When the season first started, the biggest question in the Phillies lineup was who was going to replace Werth’s numbers? For much of the season it became a platoon situation with Domonic Brown and Ben Francisco sharing time in the outfield.
Neither really produced the way the Phillies had hoped for. Francisco has struggled, batting just .222 this season with only six home runs and 31 RBI. Brown didn’t fare much better, batting only .246 with five home runs and 19 RBI.
Francisco offered Ryan Howard little protection and Brown added another left-handed bat to an already lefty-heavy batting lineup. It was clear that the Phillies needed to look elsewhere to fill the void left by Werth.
Just like last season, the Phillies turned to the Houston Astros and acquired another one of their star players, Hunter Pence.
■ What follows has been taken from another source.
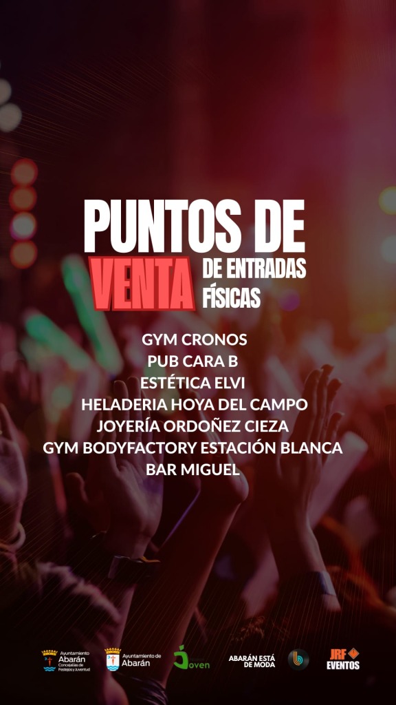 Las entradas físicas pueden adquirirse en los siguientes puntos de venta: Gym Cronos, Pub Cara B, Estética Elvi, Heladería Hoya del Campo, Joyería Ordóñez (Cieza), Gym BodyFactory (Estación de Blanca) y Bar Miguel.

Ever since Pence’s arrival, the Phillies lineup finally feels complete. The right-handed power bat that the lineup was sorely missing finally seemed to arrive via Pence.
With Werth back in town, one can’t help but compare the Phillies past No. 5 hitter against their current one.
Taking a look at their stats, the Phillies might have gotten themselves a better version of Jayson Werth. Ever since Pence’s arrival into the Majors in 2007, he and Werth have had very comparable stats.
Stats Comparison since 2007
|Hunter Pence||Jayson Werth|
|Home Runs - 106||Home Runs - 109|
|RBI - 388||RBI - 345|
|BA - .291||BA - .272|
|Strikeouts - 530||Strikeouts - 617|
|OPS - .820||OPS - .847|
Both players have good power numbers. But the thing that makes Pence’s numbers more impressive is the fact that he was able to produce those numbers while playing for the Houston Astros most of his career, a team that had little talent surrounding him.
Also, both Pence and Werth are athletic, making them good base-runners and outfielders. However, Pence seems to have a more aggressive approach, whether he is playing defense or is up to bat. That is a trait that seems to sit better with Philly fans, as opposed to Werth’s more laid back approach.
Another important thing to note is that Hunter Pence is almost four years younger than Jayson Werth.
Werth will also be making an average annual salary of $18 million per year until he is near the age of 40. Hunter Pence, on the other hand, is under contract until 2013 and is arbitration eligible the next two years, but will still most likely cost the Phillies less than what they would have had to pay Werth.
Overall, the Phillies might turn out to be a better team with Pence than they ever were with Werth. It also seems as if the Phillies and Braves will be in contention for the foreseeable future and despite some up and coming prospects for the Nationals, Werth might find himself in a spot where Pence was for much of his career—playing for a team at the bottom of the division.